# Is GBA TV Tuner compatible with NDS?



## cBcSteve (Nov 17, 2006)

Is GBA TV Tuner compatible with NDS?

So does anyone know or tried?

this is what it is for those who don't know
http://www.success-hk.com/review/gbatvtuner/index2.htm


----------



## FAST6191 (Nov 17, 2006)

No idea whether it works or not but Nintnedo did announce a TV tuner specifically for the DS a while back along with the browser, I do not know what became of it though.


----------



## cBcSteve (Nov 21, 2006)

yeah I know about that one but its probably gonna be the same quality as the GBA maybe or who knows but yeah news about it seems to be quiet


----------



## tetsuya (Nov 21, 2006)

I have this tuner. It doesnt fit my ds lite.


----------



## cBcSteve (Nov 21, 2006)

Thanks dude thats the exact answer I was looking for


----------



## imgod22222 (Nov 22, 2006)

looks ugly.


----------



## Apache Thunder (Jun 29, 2008)

To answer the original question. Yes it does work. You do however need to modify its shell so that the curbed parts are removed (not to hard actually, you take the top half off and simply brake them off, just put tape over the exposed eletronics so that you don't accidentally short it out). It will then allow the use of a DS or DS lite.

I did this my self and it works. The only downside is that it wasn't physically designed for the DS or the GBA SP, so the little stand will be useless if you use this with a DS or GBA SP. Even with the DS, this still requires that you insert a GBA cartridge into it. On the plus side, the stand works great for my digital camera (since the screw in port is the same size and such) so I didn't have to just toss it in the trash.

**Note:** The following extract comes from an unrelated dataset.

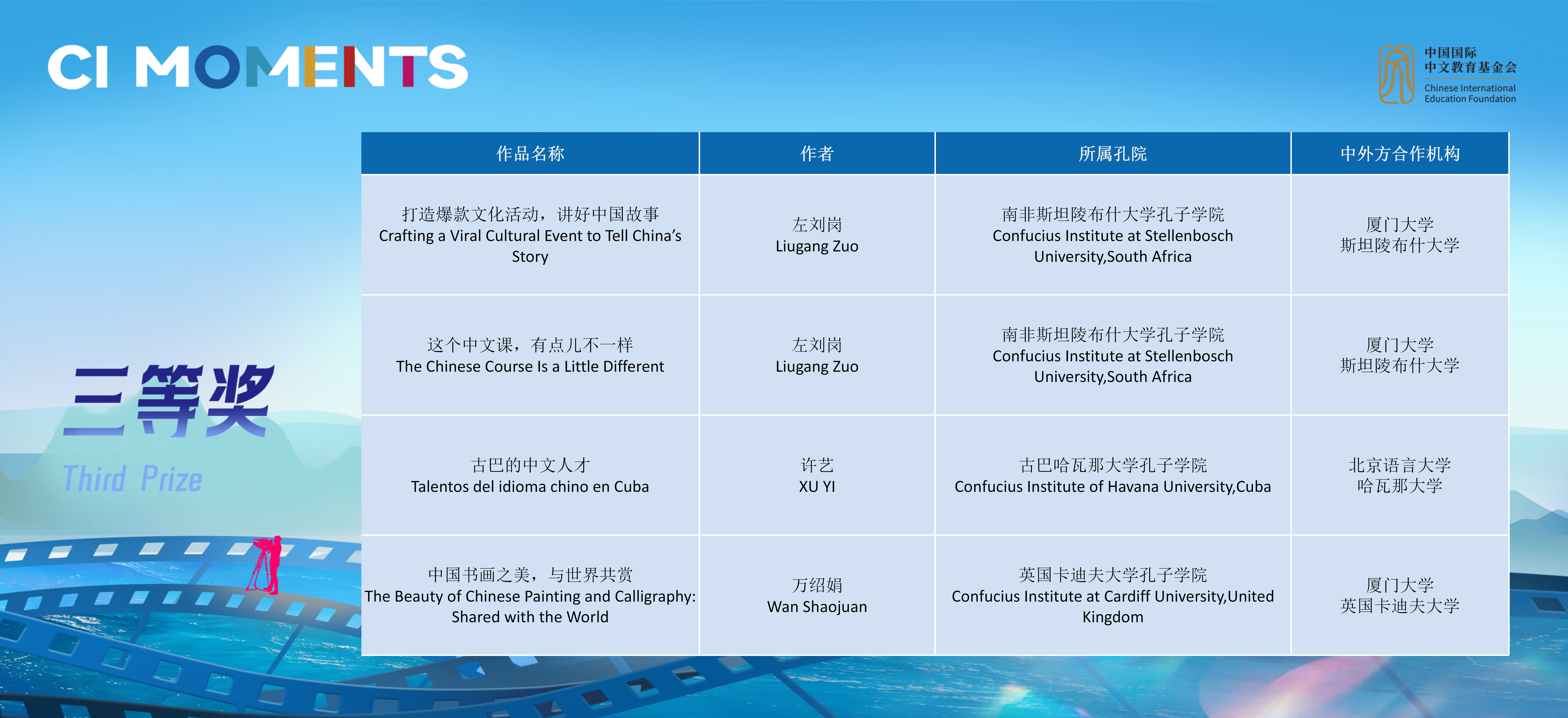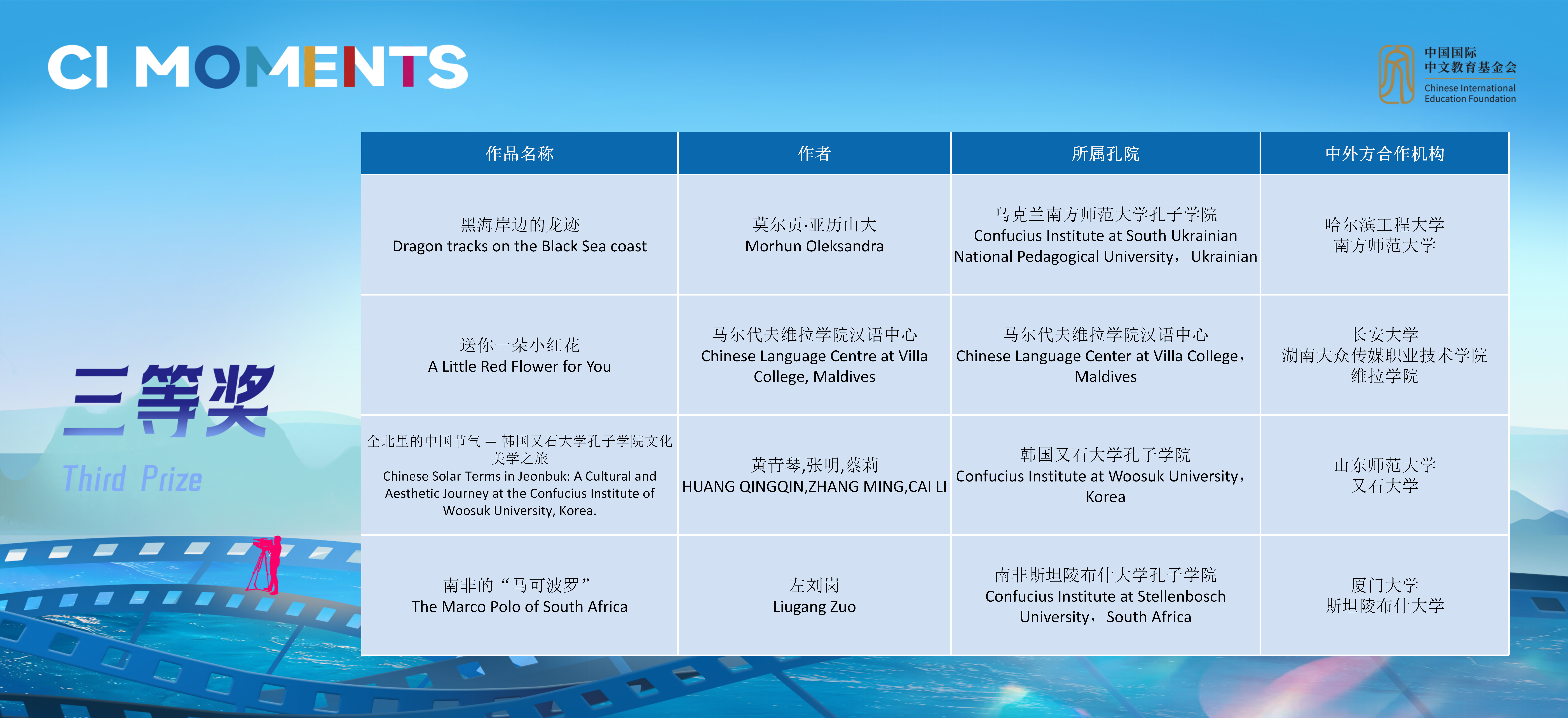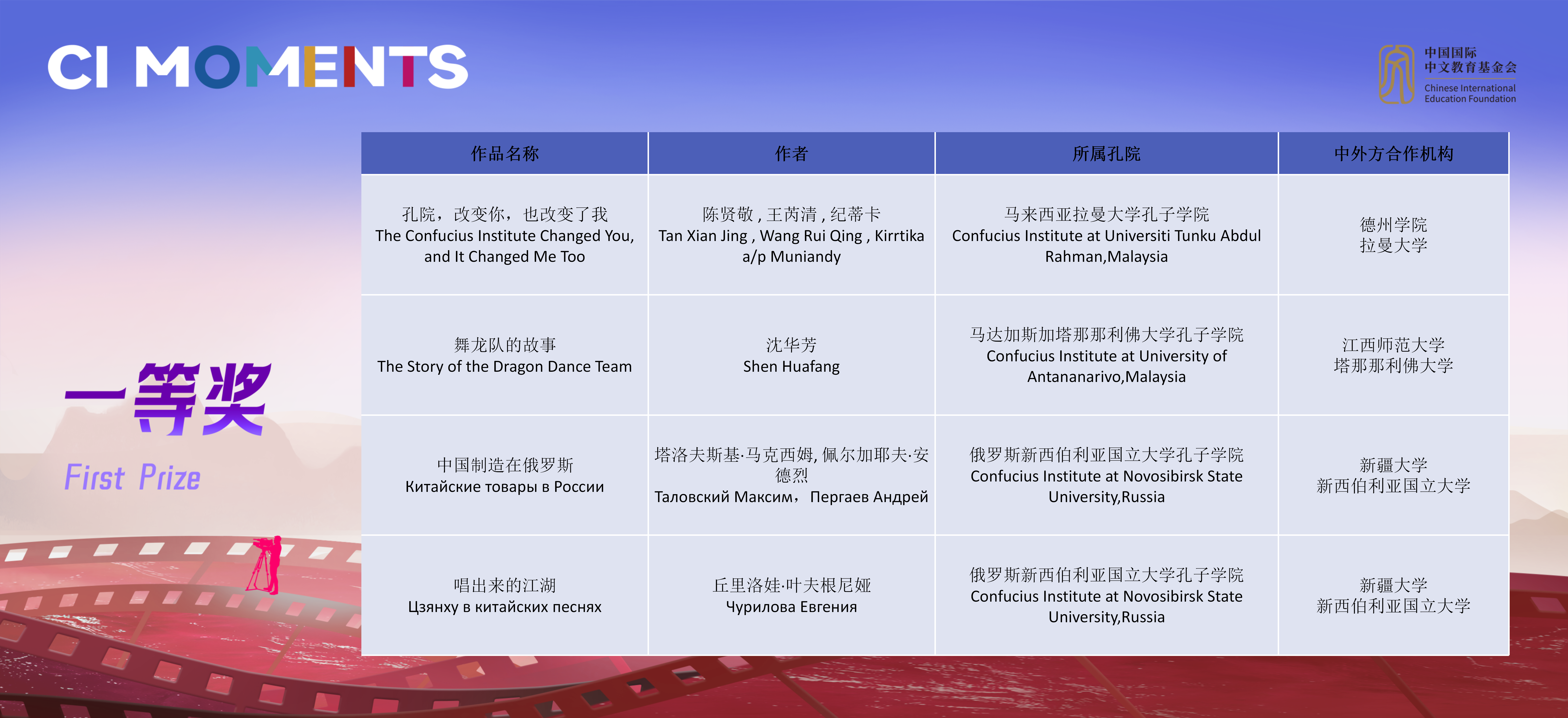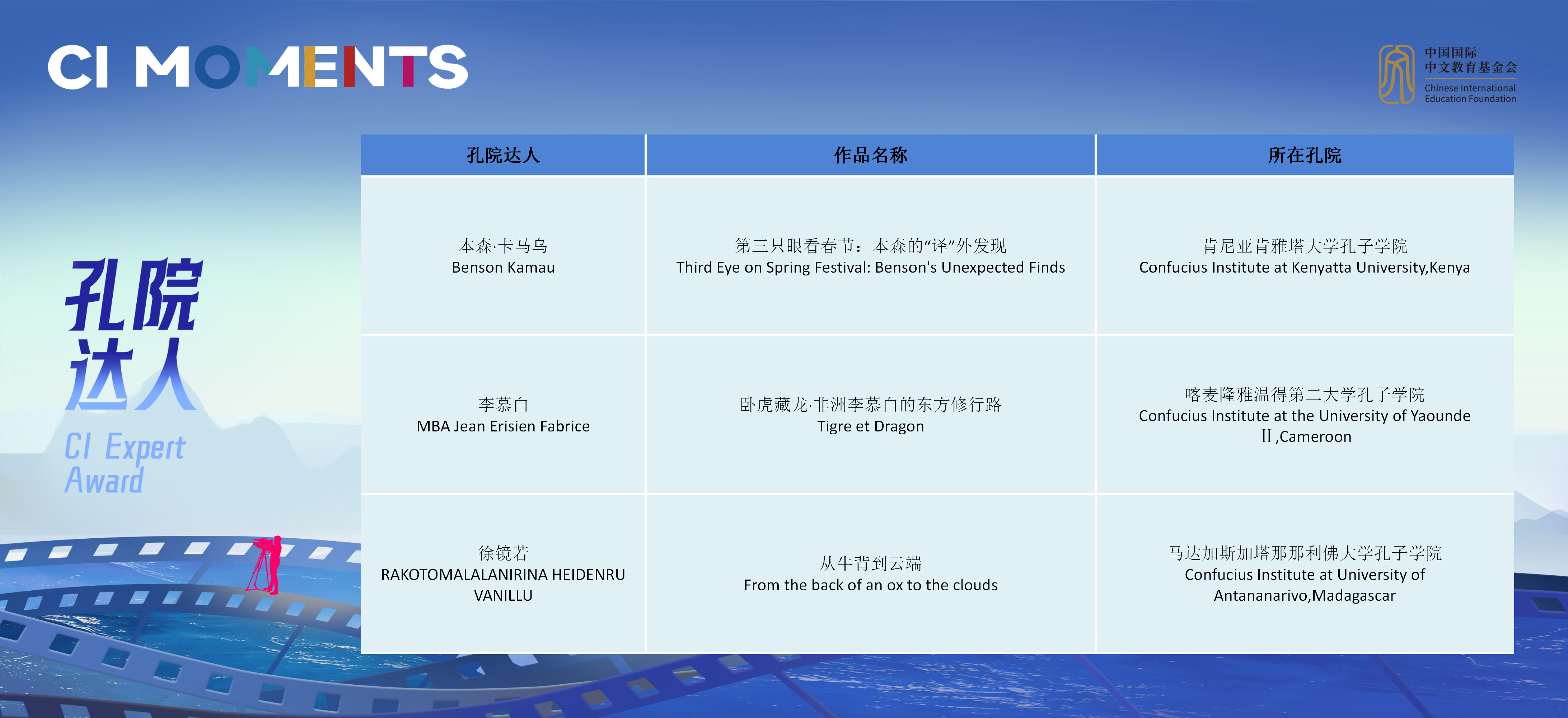 Over the past five years, it is the sincere creations and creative expressions of CIers and Chinese language enthusiasts worldwide that have made the "CI Moments" journey of pursuing dreams possible. Thank all participants for their support to the "CI Moments" event! Congratulations to all creators who have achieved outstanding results in this event.
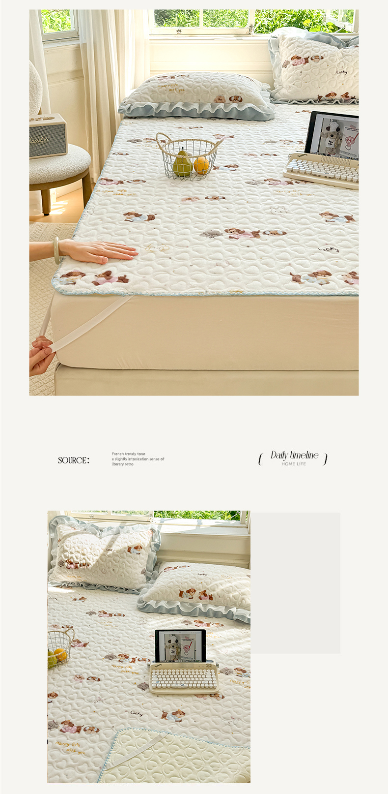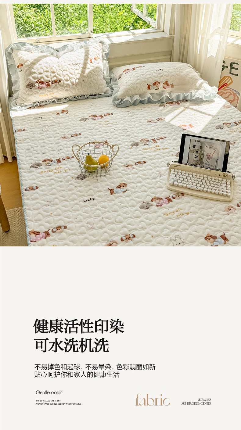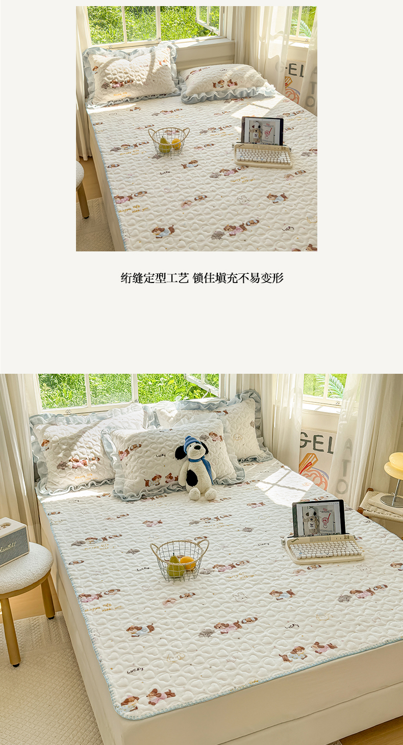 禧缘家纺(原梦想家) 2025新款牛奶绒三角针绑带款夹棉床笠床单 狗狗岛屿-绑带款

Now if someone were to make a DS homebrew app that can boot the tuner, now that would be awesome! It still shows up on the DS when a GBA cartride isn't put in (it shows up as a DS option pak), so it may be possible for DS homebrew apps to access the GBA tuner much like it can with the opera expansion pack and USB linkers and such, so I don't see why it can do the same with this.

As for the official tuner in Japan, it won't work here in the USA since the tuner only works with Japan's DTV system which is different then the ATSC standard. So as of now, we have to wait for Nintendo to port it to the US, which at the moment wouldn't be difficult since changing it to work with ATSC DTV would require minimal hardware changes/software changes.


----------



## Hadrian (Jun 29, 2008)

Woah grave digging ahoy!


----------